The high dependence on air shipments indicates a potential risk of negative growth because air transport is the most expensive mode. Overuse of air shipments increases operational cost and reduces overall profitability.
In addition, the presence of a large number of “Unknown” shipment records reflects poor data management, which can lead to wrong business decisions and inefficiencies in logistics planning.

#### Chart - 2

In [None]:
# Chart - 2 visualization code
plt.figure(figsize=(6,4))
ax = sns.countplot(x='delivery_status', data=df)
plt.title("Distribution of Delivery Status")
plt.xlabel("Delivery Status")
plt.ylabel("Number of Shipments")

# Show count on each bar
for bar in ax.patches:
    ax.text(bar.get_x() + bar.get_width()/2,
            bar.get_height(),
            int(bar.get_height()),
            ha='center', va='bottom')

plt.show()


##### 1. Why did you pick the specific chart?

This chart was selected to understand how many shipments are delivered on time versus how many are delayed. It directly shows the overall delivery performance of FedEx.

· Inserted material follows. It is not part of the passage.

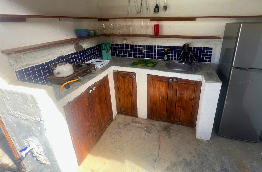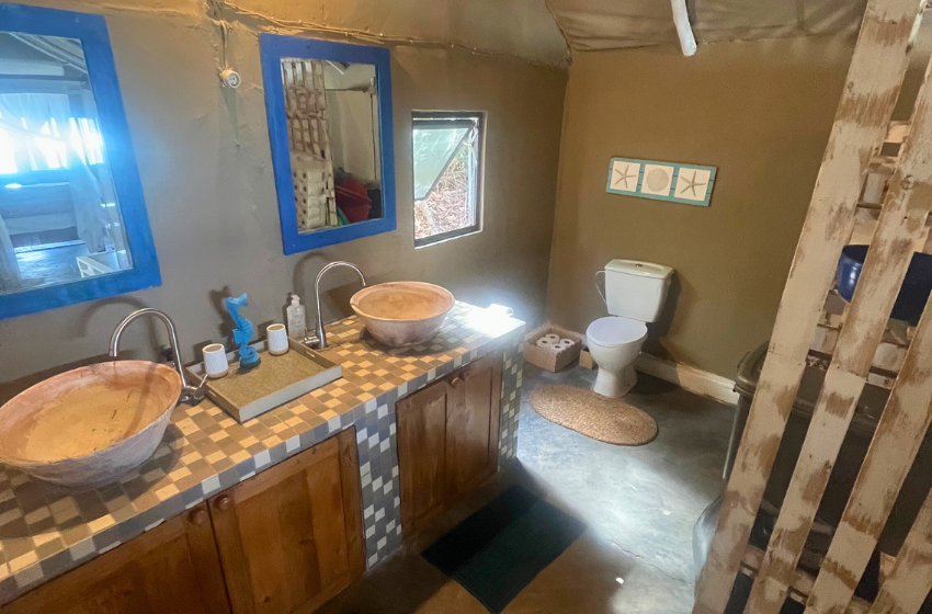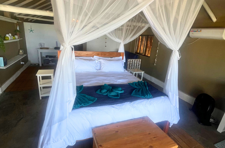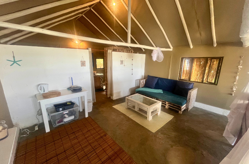 Escape to a unique coastal retreat where the bush meets the beach at Baleia Azul Tent No. 8, located within the tranquil Baleia Azul Estate in Ponta Mamoli. Surrounded by natural vegetation and overlooking the ocean, this luxury safari-style tent offers a peaceful setting for guests looking to unwind while staying close to nature. Accommodation The tent is designed to provide both comfort and simplicity in a natural setting. At its centre is a king-size xtra length bed with mosquito net, ensuring a restful night’s sleep. The tent also includes a single sleeper couch with a mosquito net, suitable for an additional guest or child. There is ample space for a blow-up mattress, should guests wish to bring one (bedding not provided). The en-suite bathroom features a shower, double vanity basins, and a toilet connected to a septic tank system. Outdoor Living A spacious wooden deck extends from the tent, offering a relaxing space to enjoy the surrounding views. Guests can cool off in the private splash pool or enjoy meals at the four-seater outdoor dining table. Kitchen Facilities The outdoor kitchen, located just outside the tent, is equipped for easy self-catering and includes a double gas burner and braai, along with crockery, cutlery, pots, pans, and cooking utensils. An outdoor shower is also available, ideal for rinsing off after time spent at the beach. Comfort & Connectivity To ensure a comfortable stay, the tent is equipped with air conditioning and a fan. While the setting offers a quiet escape from everyday life, guests can purchase a local SIM card for mobile reception if they wish to stay connected. Activities & Surroundings Just a short distance from the tent lies Frederico’s Reef, a popular spot for swimming and snorkeling. At low tide, the reef reveals vibrant marine life and calm tidal pools, making it an ideal place to explore the ocean. Baleia Azul Tent No. 8 offers a relaxed and memorable way to experience the beauty of Mozambique’s coastline — perfect for couples or small families looking for a peaceful seaside escape surrounded by nature.

##### 2. What is/are the insight(s) found from the chart?

* A very large number of shipments (9138) are delivered on time or early.

* A smaller but important number of shipments (1186) are delayed.

* This shows that although FedEx performs well overall, delays still affect a noticeable portion of shipments.

##### 3. Will the gained insights help creating a positive business impact?
Are there any insights that lead to negative growth? Justify with specific reason.

**Positive Business Impact**

This insight will help create a positive business impact.
Since the majority of shipments are delivered on time or early, FedEx can study the successful delivery patterns and replicate them for delayed shipments. This can improve customer satisfaction and strengthen trust in FedEx services.

**Negative Business Impact**

The presence of 1186 delayed shipments indicates potential negative growth. Delayed deliveries can lead to customer complaints, loss of future business, and increased operational cost such as re-routing, customer support, and compensation. If these delays are not controlled, they can harm FedEx’s reputation and profitability.

#### Chart - 3

In [None]:
# Chart 3: Distribution of Vendor INCO Terms

try:
    plt.figure(figsize=(10,5))
    ax = sns.countplot(x='vendor_inco_term', data=df)
    plt.title("Distribution of Vendor INCO Terms")
    plt.xlabel("Vendor INCO Term")
    plt.ylabel("Number of Shipments")
    plt.xticks(rotation=45)

    # Print count on each bar
    for bar in ax.patches:
        ax.text(bar.get_x() + bar.get_width()/2,
                bar.get_height(),
                int(bar.get_height()),
                ha='center', va='bottom')

    plt.show()

except Exception as e:
    print("Error while generating Chart 3:", str(e))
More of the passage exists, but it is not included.